** Opening The data block **

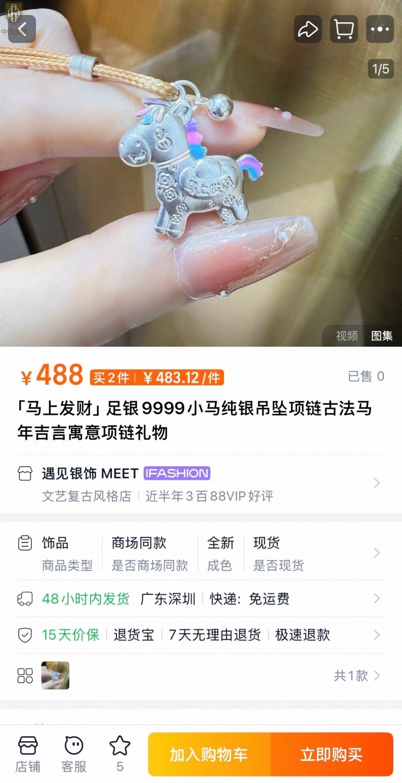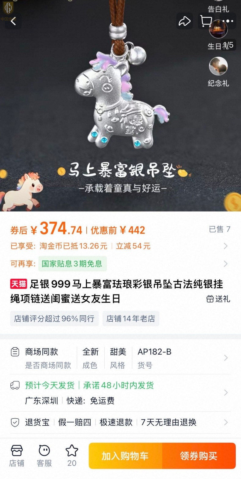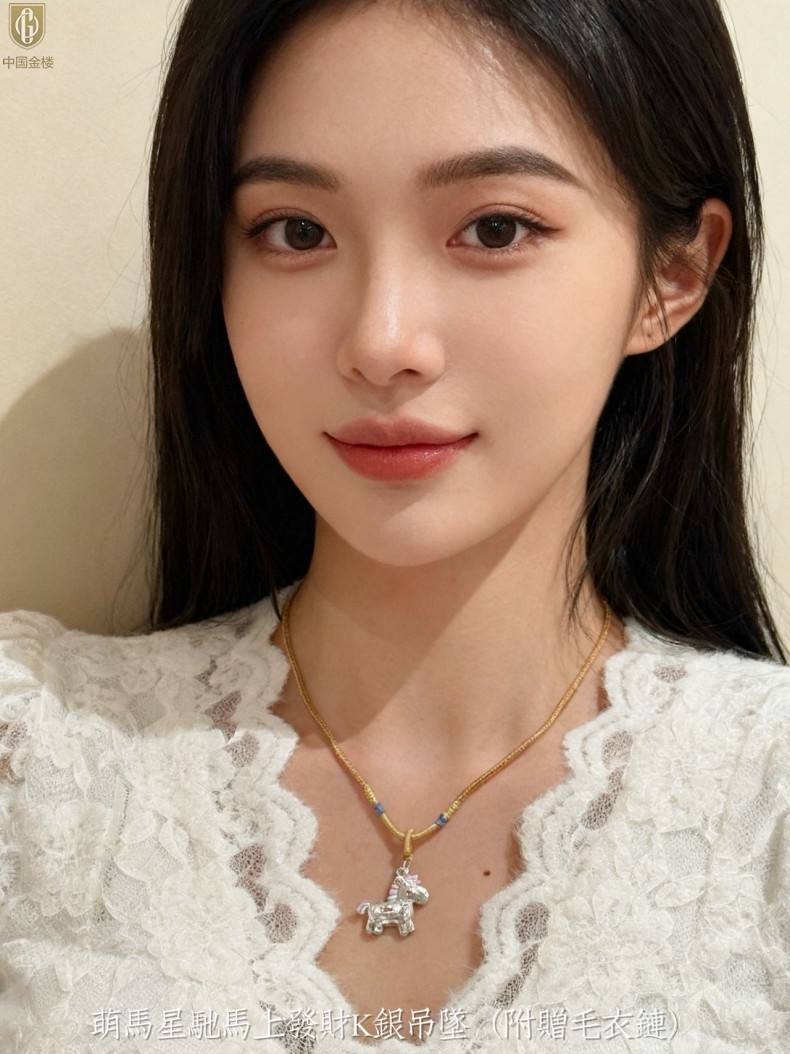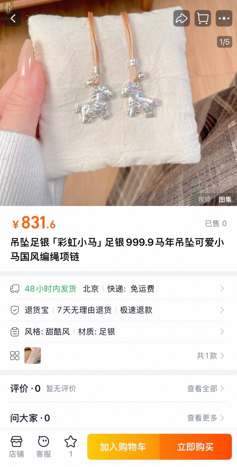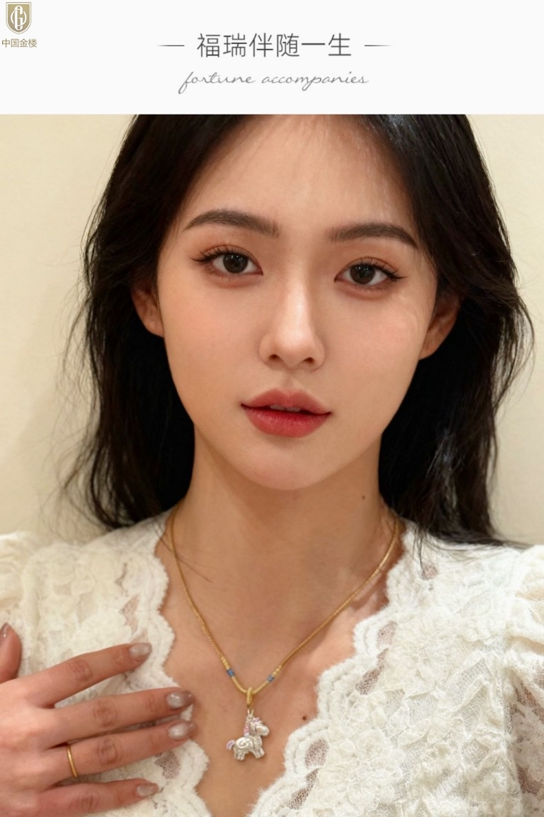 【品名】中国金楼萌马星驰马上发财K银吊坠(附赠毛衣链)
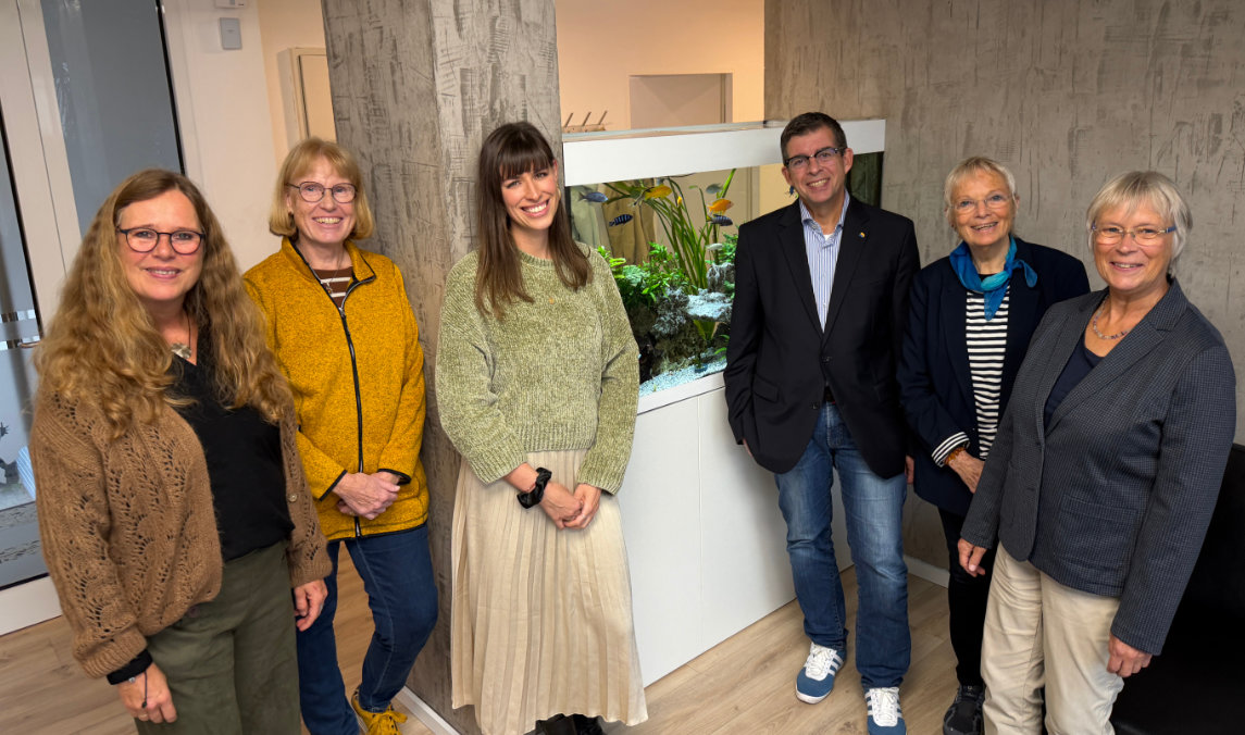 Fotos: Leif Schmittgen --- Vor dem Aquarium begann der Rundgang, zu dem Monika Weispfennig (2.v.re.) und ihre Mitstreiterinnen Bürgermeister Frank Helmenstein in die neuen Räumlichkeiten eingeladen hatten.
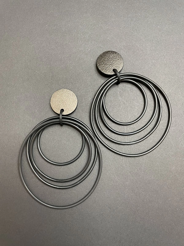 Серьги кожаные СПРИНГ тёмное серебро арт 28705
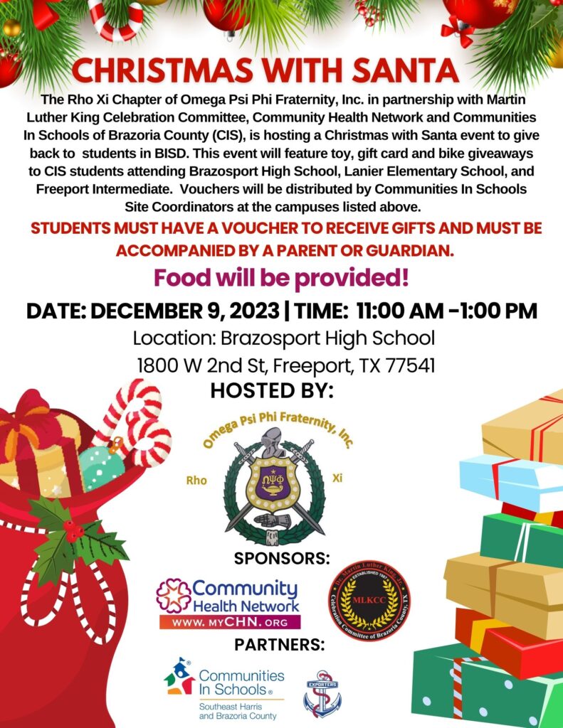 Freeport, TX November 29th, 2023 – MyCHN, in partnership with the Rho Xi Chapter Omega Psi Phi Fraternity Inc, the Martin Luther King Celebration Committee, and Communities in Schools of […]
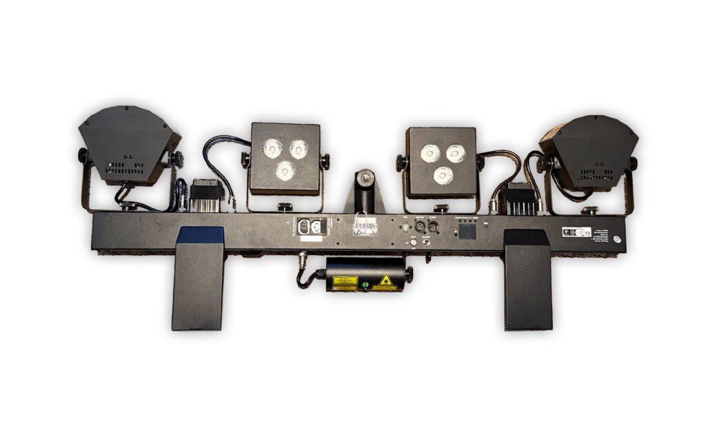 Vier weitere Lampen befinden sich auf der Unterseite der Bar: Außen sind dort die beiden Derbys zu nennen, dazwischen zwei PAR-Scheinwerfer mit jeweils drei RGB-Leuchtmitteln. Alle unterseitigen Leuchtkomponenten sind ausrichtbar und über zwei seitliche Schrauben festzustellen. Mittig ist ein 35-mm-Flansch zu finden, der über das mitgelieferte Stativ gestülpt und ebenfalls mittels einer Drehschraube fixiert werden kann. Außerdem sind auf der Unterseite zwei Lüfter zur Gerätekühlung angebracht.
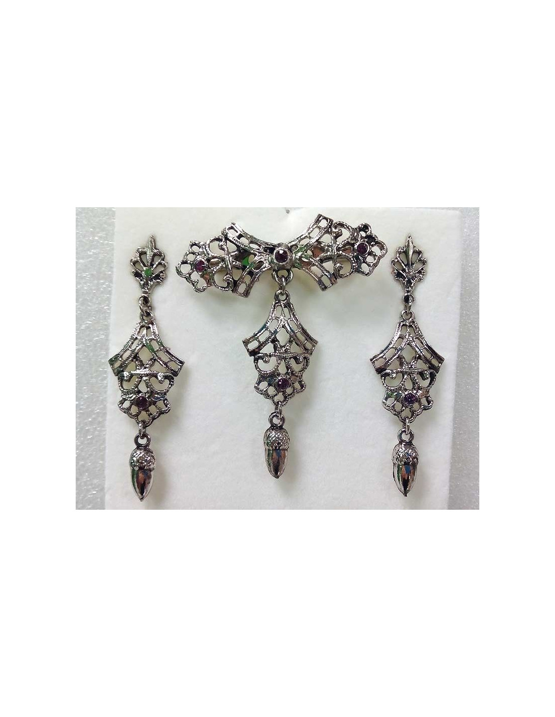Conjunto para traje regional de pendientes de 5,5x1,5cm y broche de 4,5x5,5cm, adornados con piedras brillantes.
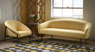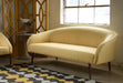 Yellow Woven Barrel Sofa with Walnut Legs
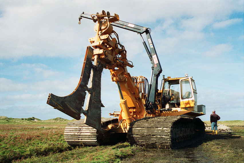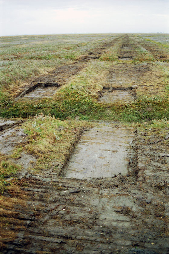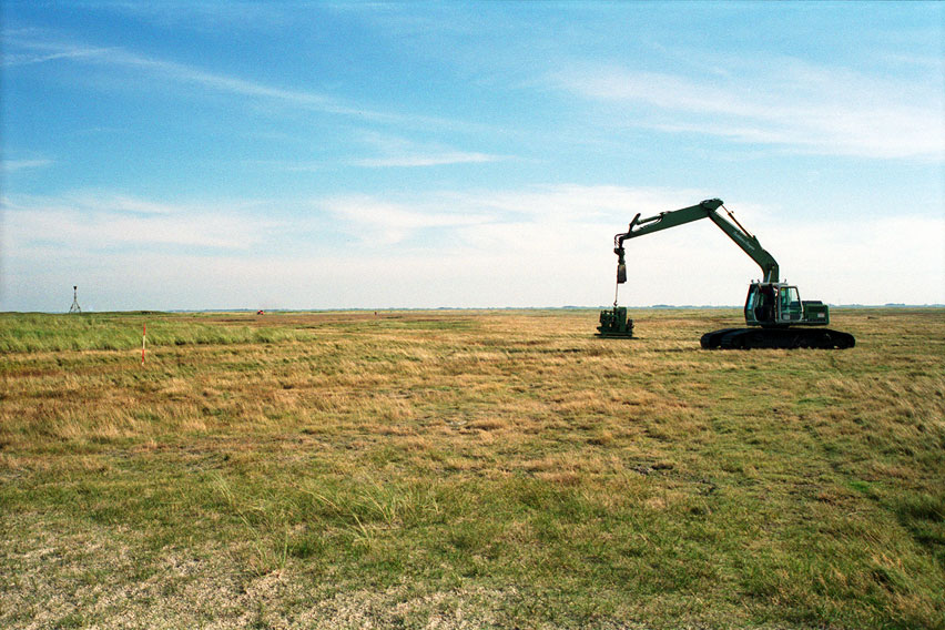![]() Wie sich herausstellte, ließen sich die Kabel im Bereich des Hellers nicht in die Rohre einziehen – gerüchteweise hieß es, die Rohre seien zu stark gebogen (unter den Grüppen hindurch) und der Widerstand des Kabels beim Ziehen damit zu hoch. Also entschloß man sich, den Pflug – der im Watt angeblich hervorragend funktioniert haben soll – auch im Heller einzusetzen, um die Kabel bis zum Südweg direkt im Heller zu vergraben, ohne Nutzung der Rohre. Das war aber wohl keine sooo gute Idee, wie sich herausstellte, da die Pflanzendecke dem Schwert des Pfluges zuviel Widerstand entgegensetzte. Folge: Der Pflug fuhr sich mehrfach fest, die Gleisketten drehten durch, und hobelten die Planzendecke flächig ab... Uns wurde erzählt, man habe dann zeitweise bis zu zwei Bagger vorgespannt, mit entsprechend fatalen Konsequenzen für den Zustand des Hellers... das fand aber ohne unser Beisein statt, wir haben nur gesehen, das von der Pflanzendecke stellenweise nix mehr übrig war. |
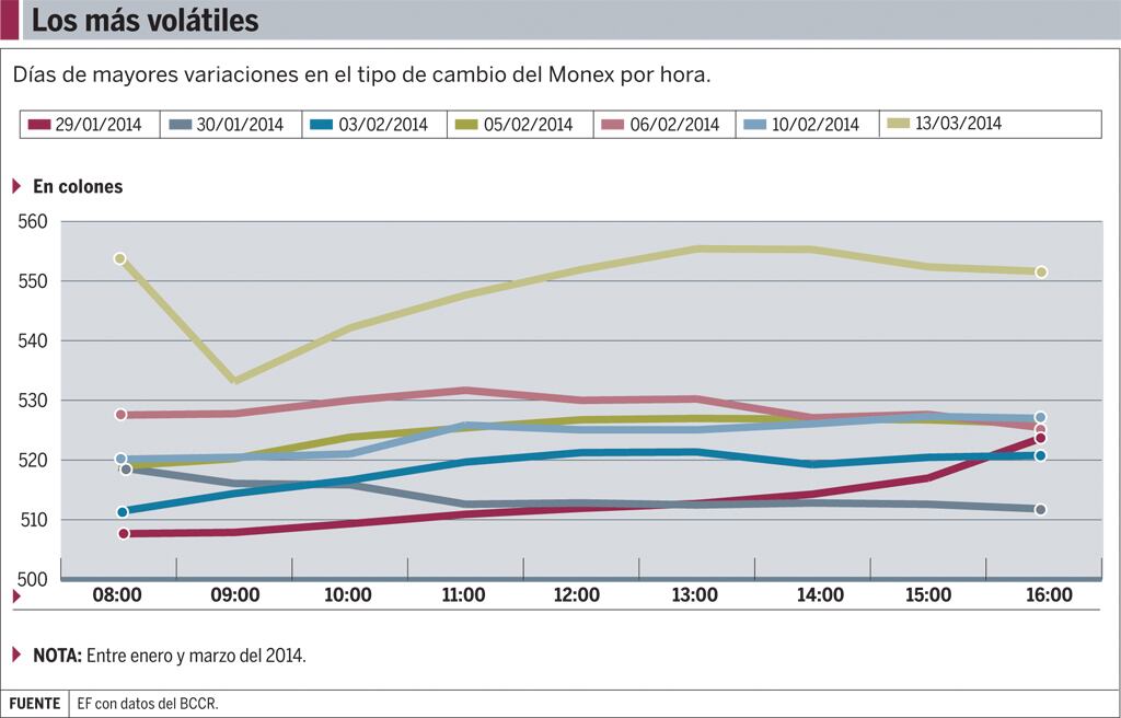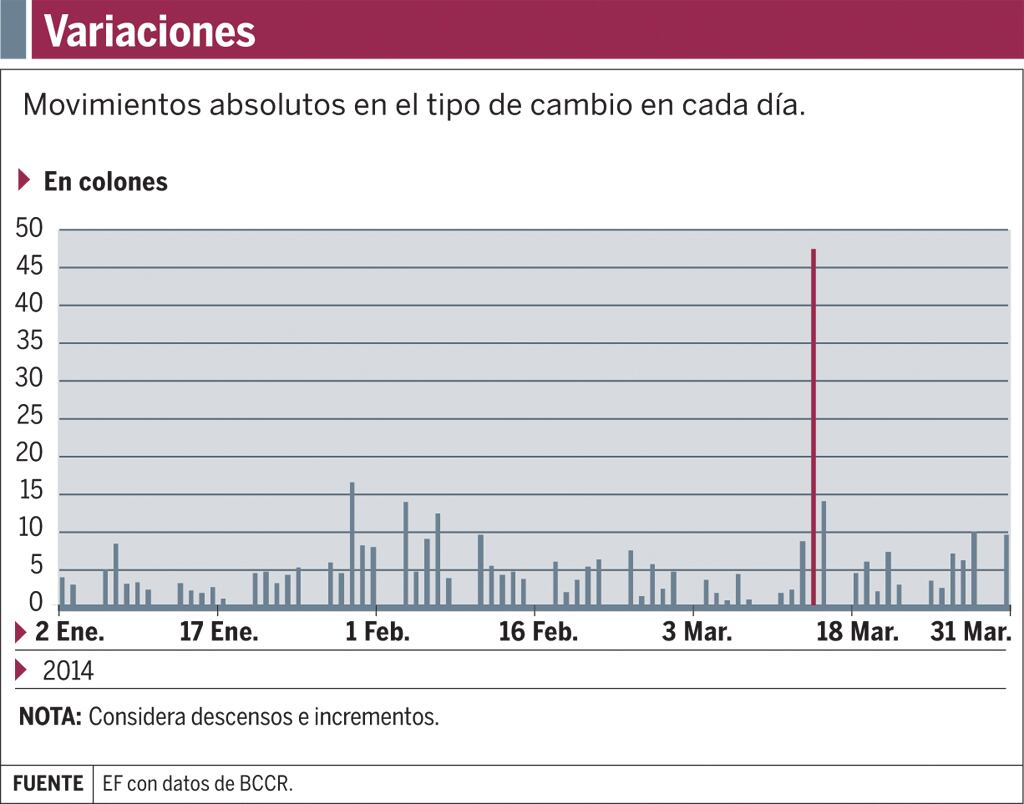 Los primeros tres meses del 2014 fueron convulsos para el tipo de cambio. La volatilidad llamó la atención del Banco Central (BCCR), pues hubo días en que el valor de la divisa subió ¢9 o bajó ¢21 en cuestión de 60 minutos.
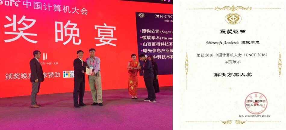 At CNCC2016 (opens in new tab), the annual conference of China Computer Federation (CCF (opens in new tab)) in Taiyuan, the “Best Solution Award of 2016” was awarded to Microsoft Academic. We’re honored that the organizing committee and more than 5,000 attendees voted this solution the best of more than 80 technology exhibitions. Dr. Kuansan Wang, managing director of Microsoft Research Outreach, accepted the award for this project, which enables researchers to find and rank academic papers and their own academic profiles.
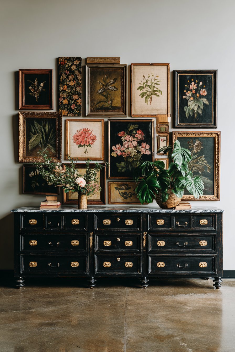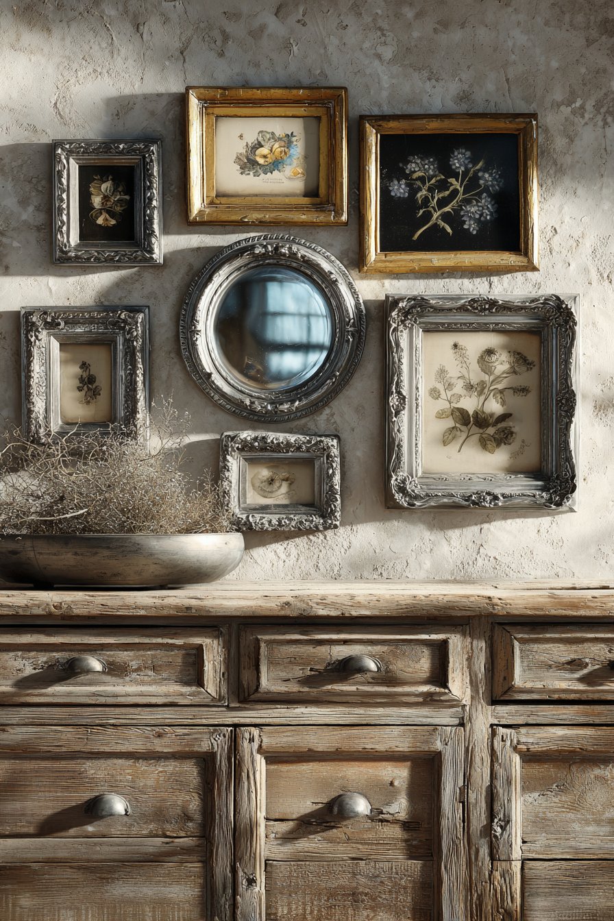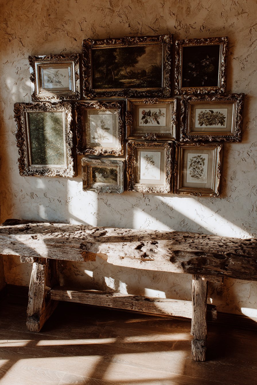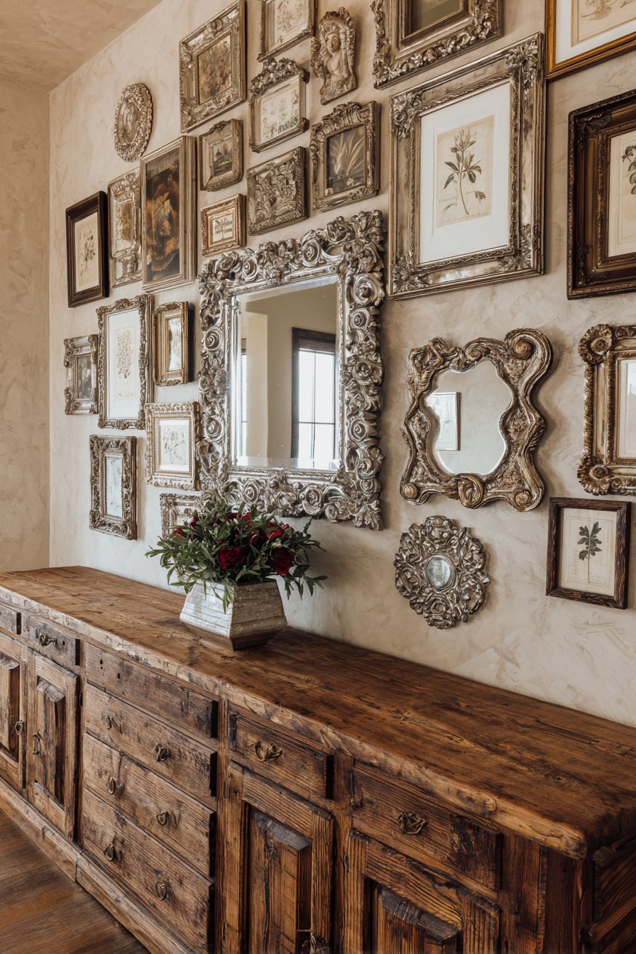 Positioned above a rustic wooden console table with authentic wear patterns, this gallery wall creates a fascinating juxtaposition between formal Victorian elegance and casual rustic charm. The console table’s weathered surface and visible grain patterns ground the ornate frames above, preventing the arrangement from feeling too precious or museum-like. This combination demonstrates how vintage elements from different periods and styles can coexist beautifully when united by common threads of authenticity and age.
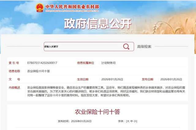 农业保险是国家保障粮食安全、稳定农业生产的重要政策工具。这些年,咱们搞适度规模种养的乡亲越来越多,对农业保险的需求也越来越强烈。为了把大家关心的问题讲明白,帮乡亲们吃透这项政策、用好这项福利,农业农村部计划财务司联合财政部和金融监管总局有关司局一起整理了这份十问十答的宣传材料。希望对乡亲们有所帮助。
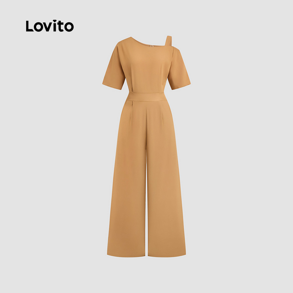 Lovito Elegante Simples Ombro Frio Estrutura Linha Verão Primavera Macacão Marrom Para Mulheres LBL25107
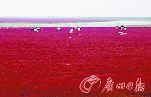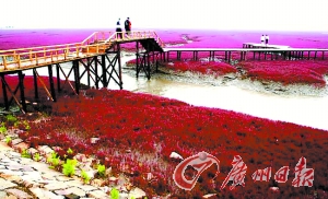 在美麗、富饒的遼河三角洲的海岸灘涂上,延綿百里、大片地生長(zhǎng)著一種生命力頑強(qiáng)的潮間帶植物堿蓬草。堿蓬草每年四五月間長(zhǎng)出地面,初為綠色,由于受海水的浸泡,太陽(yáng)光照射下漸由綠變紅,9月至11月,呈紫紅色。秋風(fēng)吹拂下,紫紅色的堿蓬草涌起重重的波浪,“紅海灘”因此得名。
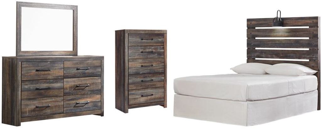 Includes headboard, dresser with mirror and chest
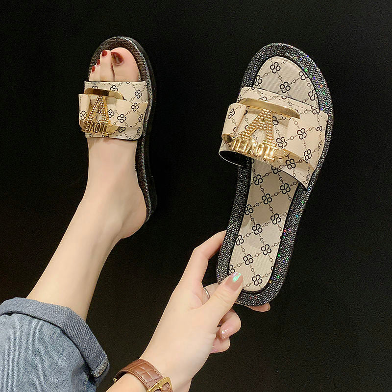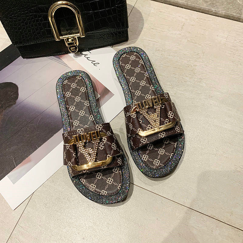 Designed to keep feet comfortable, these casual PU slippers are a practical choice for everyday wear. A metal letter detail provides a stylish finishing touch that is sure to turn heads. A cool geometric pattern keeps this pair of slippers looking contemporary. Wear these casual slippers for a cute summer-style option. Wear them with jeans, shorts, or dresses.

** Closing The data block **

**Activity:** Pictures excluded, copy the lines exactly from where the material starts to the line with "Серьги кожаные СПРИНГ", inclusive.

**Reply to the task:**
 【品名】中国金楼萌马星驰马上发财K银吊坠(附赠毛衣链)
 Fotos: Leif Schmittgen --- Vor dem Aquarium begann der Rundgang, zu dem Monika Weispfennig (2.v.re.) und ihre Mitstreiterinnen Bürgermeister Frank Helmenstein in die neuen Räumlichkeiten eingeladen hatten.
 Серьги кожаные СПРИНГ тёмное серебро арт 28705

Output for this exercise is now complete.